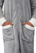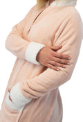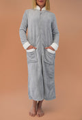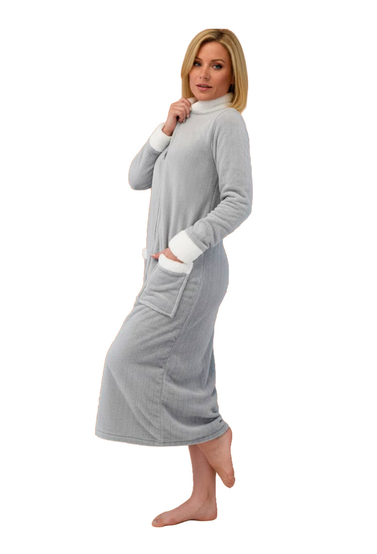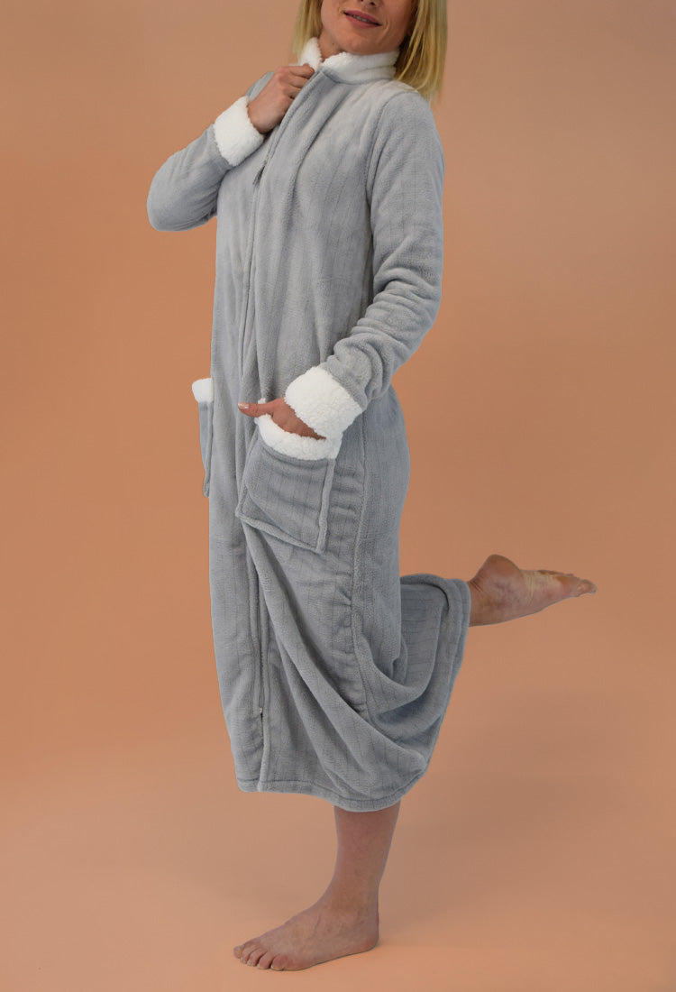 This robe has a zipper for an airtight closure that prevents cold air from passing through.
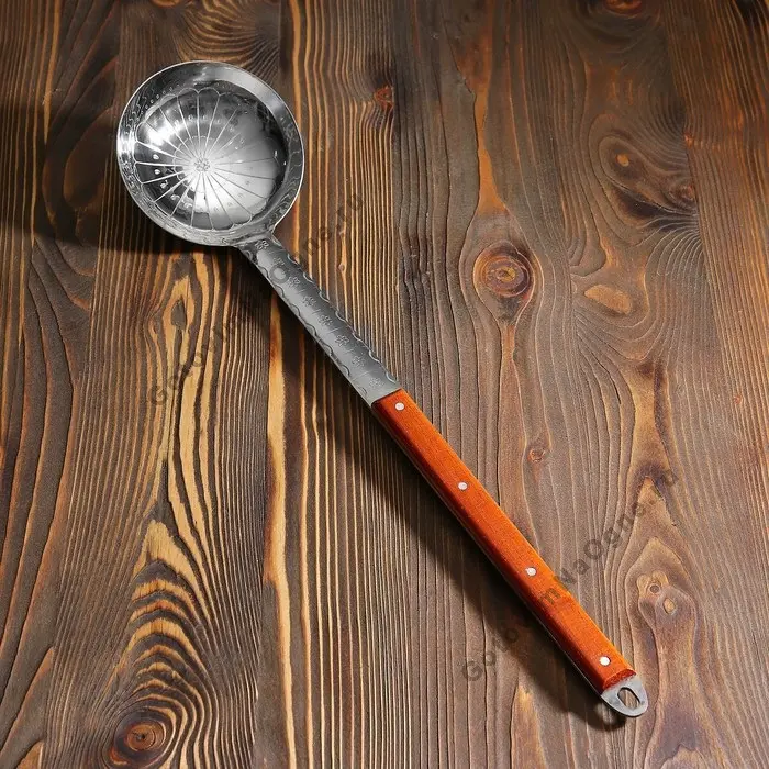 Половник с нанесенным на него оригинальным орнаментом, изготовлен из нержавеющей стали внушительной толщины (3 мм.) и не погнется при использовании. Деревянная ручка половника, которая не нагреется во время перемешивания и подачи блюд, имеет удобную петлю, что позволяет легко разместить половник на крючке для хранения.
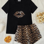 Leopard Lip Graphic Top and Shorts Lounge Set
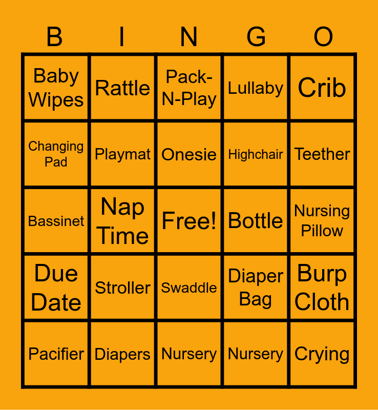 This bingo card has a free space and 24 words: Stroller, Diapers, Onesie, Pacifier, Crib, Baby Wipes, Changing Pad, Rattle, Bottle, Swaddle, Highchair, Bassinet, Diaper Bag, Burp Cloth, Playmat, Nursery, Nursing Pillow, Pack-N-Play, Teether, Nap Time, Crying, Due Date, Lullaby and Nursery.
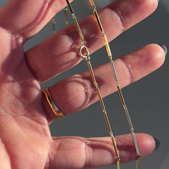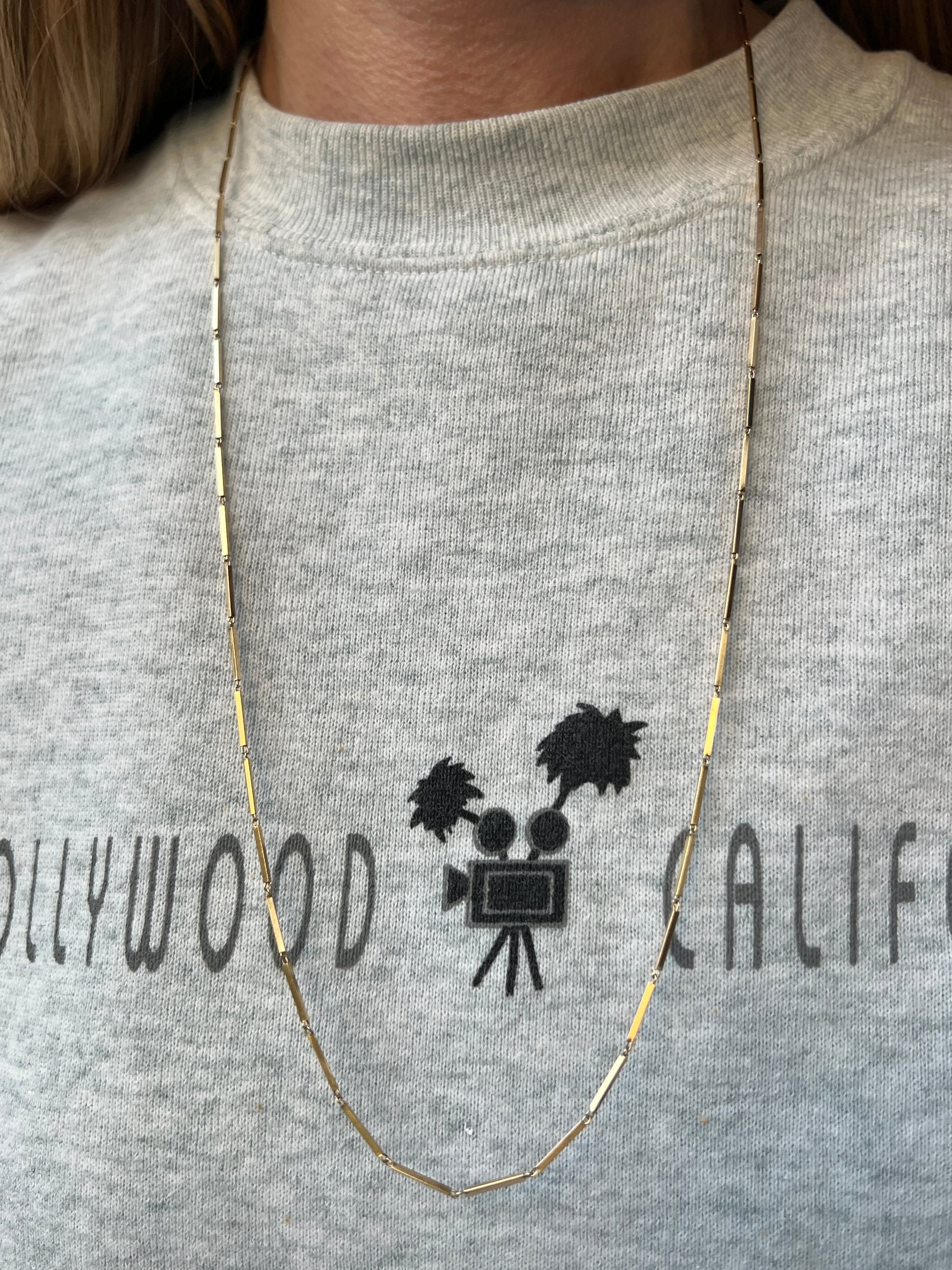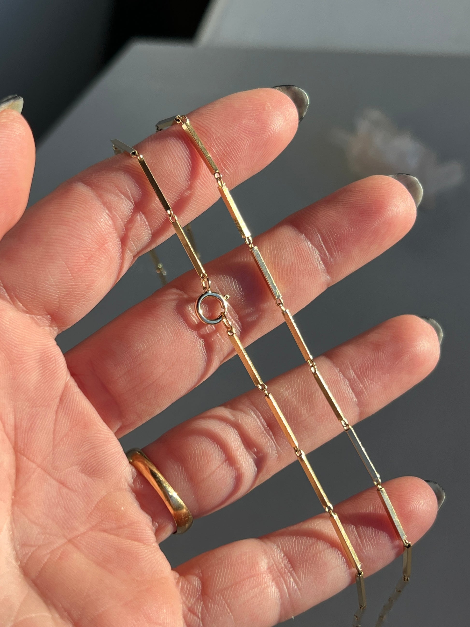 Vintage 28” Bar Link Chain Necklace in 14k Yellow Gold
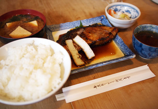 ランチメニューの中から大好きな「ぶり照焼定食」(930円)を注文してみたのですが、炭火で焼かれたぶりは脂が程よく乗っていて、めちゃくちゃ美味しいです。大きな豆腐がいっぱい入った赤だしの味噌汁も絶品だし、漬物もいい味わいで、ご飯がやたら進みました。これで1,000円以下なら大満足でしょう。魚が好きな人には是非訪れてもらいたいと思える、素晴らしいお店でした。
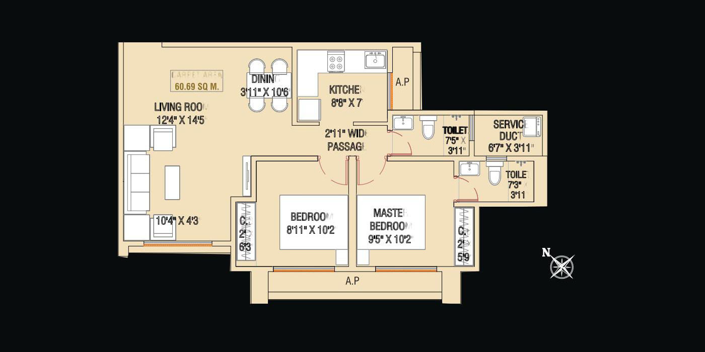 Unit Plan -- Bhagwati Belmont 2BHK
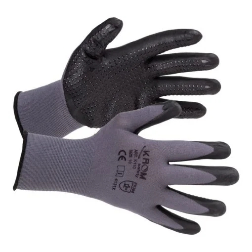 Mănuși pe bază de nylon + spandex gri cu aplicații pe palmă de picouri din nitril; mulare lejeră pe mână; palmă imersată în spumă microfină de nitril gri cu rezistență sporită la produse petroliere; manșetă elastică, dosul palmei aerisit.

* [WHAT TO DO]:
The entries above are to be returned exactly, without their pictures.

* [REPLY]:
 This robe has a zipper for an airtight closure that prevents cold air from passing through.
 Половник с нанесенным на него оригинальным орнаментом, изготовлен из нержавеющей стали внушительной толщины (3 мм.) и не погнется при использовании. Деревянная ручка половника, которая не нагреется во время перемешивания и подачи блюд, имеет удобную петлю, что позволяет легко разместить половник на крючке для хранения.
 Leopard Lip Graphic Top and Shorts Lounge Set
 This bingo card has a free space and 24 words: Stroller, Diapers, Onesie, Pacifier, Crib, Baby Wipes, Changing Pad, Rattle, Bottle, Swaddle, Highchair, Bassinet, Diaper Bag, Burp Cloth, Playmat, Nursery, Nursing Pillow, Pack-N-Play, Teether, Nap Time, Crying, Due Date, Lullaby and Nursery.
 Vintage 28” Bar Link Chain Necklace in 14k Yellow Gold
 ランチメニューの中から大好きな「ぶり照焼定食」(930円)を注文してみたのですが、炭火で焼かれたぶりは脂が程よく乗っていて、めちゃくちゃ美味しいです。大きな豆腐がいっぱい入った赤だしの味噌汁も絶品だし、漬物もいい味わいで、ご飯がやたら進みました。これで1,000円以下なら大満足でしょう。魚が好きな人には是非訪れてもらいたいと思える、素晴らしいお店でした。
 Unit Plan -- Bhagwati Belmont 2BHK
 Mănuși pe bază de nylon + spandex gri cu aplicații pe palmă de picouri din nitril; mulare lejeră pe mână; palmă imersată în spumă microfină de nitril gri cu rezistență sporită la produse petroliere; manșetă elastică, dosul palmei aerisit.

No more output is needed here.